May 15, 2008

The reward of love is the experience of loving

At a far away place,
In meadows, in parks, under a tree,
I imagine, lovers soaked in rain.
Yet so aloof,
Rendezvous in a mid monsoon afternoon,
Eating chocolates, sharing kisses.
A perfect world of Adam and Eve

Once upon a time, sometimes on the 9th of July, I met this thin, frail woman. In every sense of the word we were actually a weird union. In contrast to her, I am a huge, colossal mass. But that time, the small part which I call happiness, (In pursuit of happiness) we clicked together perfectly. Sometimes, too daringly perfect.

So it all happened that beautiful summer night. Love struck me, and I found a new reason for living, a new meaning that completed my life. Often time stood still, in midst of shimmering rain, tranquil evenings, and under fluorescent moonlit nights. All those beautiful moments I spent with her were a slice of heaven. Now I relish in the thought that these moments have been in exact precision etched in the diaries of time. I often sweep through the pages to make myself feel that if there were bitter times, there were better times too.

Evanescence came. Evanescence went. But it was like a furious storm that destroyed and leveled to the ground all that stood tall. And exactly on the 9th of July, a year later, I found myself torn apart, broken down in spirit and soul. A lovely year came to a close, with a broken heart and a lame spirit. I called it quits. This time for sure, at least or otherwise I would like to believe.
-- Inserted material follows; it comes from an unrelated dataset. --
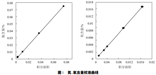由于因瓦合金正處于研發(fā)階段,其標(biāo)準(zhǔn)樣品在 市場中少有發(fā)現(xiàn),因此使用元素含量相近鋼的氧氮 氣體標(biāo)準(zhǔn)樣品來繪制校準(zhǔn)曲線。標(biāo)準(zhǔn)樣品具體信息 見表 1。根據(jù)表 1 中數(shù)據(jù),繪制氮含量、氧含量的校準(zhǔn)曲 線,結(jié)果如圖 1 所示。當(dāng)?shù)臏y定范圍為 0. 002 6% ~ 0. 075 1% 時,其含量線性方程為 y = 1. 001x - 0. 000 02,R2 = 1 > 0. 99,線性較好,可以使用; 當(dāng)氧的測定范圍為 0. 001 1% ~ 0. 016 6% 時,其含量線 性方程為 y = 1. 007x - 0. 000 05,R2 = 0. 999 > 0. 99, 線性較好,亦可使用。

I made it the 11th commandment of my life; Thou shall not love any more for thou shall grieve the pain of forlorn.

So many times I reminded myself that life is not a bed of mughal roses, of palaces and princess. So many times I felt defeated. Yet it moved on. The pain of living was difficult to bear, but the pain of not living was too fearful. So I held on the last string of hope and I survived this long. Life dragged on and I followed it, ruthlessly. Often life fled me when I came about it. It was a race, me doing the catching up.

However, over time, I made it to myself that I shall never love a woman again. To be true, I could never dare after the pain I went through. A dark shadow of fear loomed around and gripped with the fear of getting hurt, I never ventured out. This phase was the most barren part of my life.
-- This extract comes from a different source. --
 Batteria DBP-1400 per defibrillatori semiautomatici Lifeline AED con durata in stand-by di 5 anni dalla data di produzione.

Basically I was torn, pulled apart by the forces of my conscience and the void of my existence. The net result: I was completely shattered. I went through disappointment and depression, saw and experienced the ugly part of my mind. And again I promised I shall never love. I call this phase the hibernation part. I grew thick fats to ward off Cupid’s shafts.
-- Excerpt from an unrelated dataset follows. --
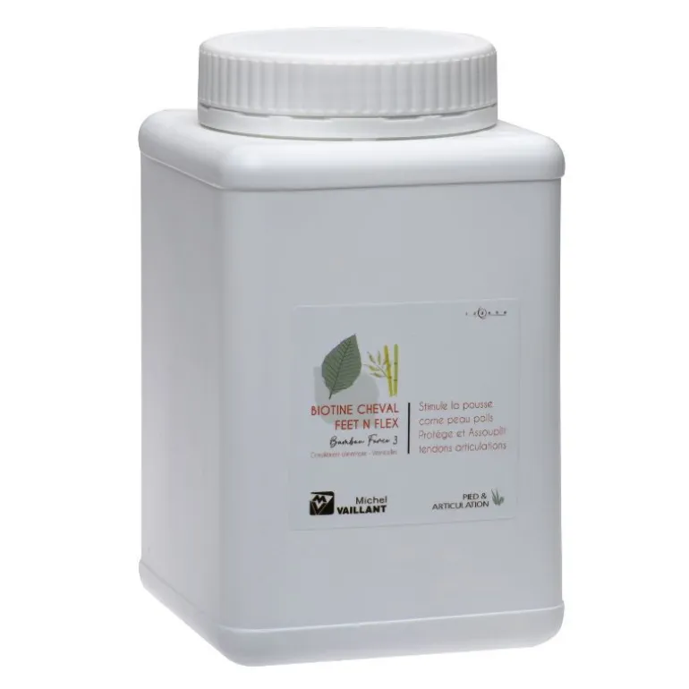 Sous forme de vermicelles, la biotine Feet N Flex Vermicelles Force 3 Michel Vaillant est un véritable complément innovant combinant deux actions : optimisation de la pousse et de la qualité de la corne par l’apport de vitamine H (biotine) et protection des articulations et amélioration de leur souplesse par l’apport de glucosamine et de chondroïtine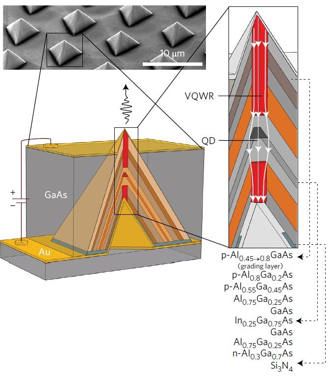 این گروه با معکوس کردن ساختار هرمی، میزان خروج نور را چند برابر افزایش دادند. ایجاد تماس میان نوک و کف این ساختار میتواند جریان را به یک نقطه کوانتومی انتقال دهد؛ نقطهای که در مرکز هرم قرار دارد. این ساختار دارای قابلیت تولید انبوه است.

I went through the five stages of break up too; a close friend of mine would often talk about. First it was the incredulity stage where I could not believe she had left me for another man. The second, the anger and resentment phase where I was infuriated by what she did to me. The third stage was the bargaining phase where I coaxed, begged and cried for her to love me again. The fourth stage was depression, where through days and lonely nights I became the prisoner of my own mind. The fifth stage was the acceptance.

Finally I accepted the truth and decided to move on with my life. I went through it all, I swear. I questioned myself time and again and tried to find answers to each problem that throbbed my way. Answers found, I experienced a serene whiff of sanity and pleasure-the joy of life. In my pursuit to know myself, better the each passing moment, I delved so deep, neither did I find the person in me nor did I come out of the mental pit. Period.

When I was least expecting, then miracles started happening. All over again. One drowsy afternoon when my mind had lulled to slumber, I was woken up by the glaring noise of my message ring tone. In sloth, I picked up the phone, cursing. With my eyes refusing to open, I read the message on the scarred screen on my phone. A new number. But interesting stuff. The weekend is booked.

I meet this girl well as strangers but when I leave her I felt I had known her for ages. Fountains of sparks and stars flew all over in my head. It is just a small spark that lights a fire. I had found my spark. If hope is there to stay, I am here to change my world. For the better of course. Darkness fell on me but I am seeking the light. My heart beat a little faster as I wrote this down; I felt a surge of blood rush through my spine, and I knew, to say sorry takes nerve, to forgive, love.

It is so divine to fall in love and to be loved. Even the idea of falling in love is enchanting. She came and gave a new lease of life to me. She healed my wounds, held my hand, and I never felt lonely. I found another meaning to go on living, for a long time from now. Happily. This small part of my life is happiness.

I will never fall in love again. I had lied.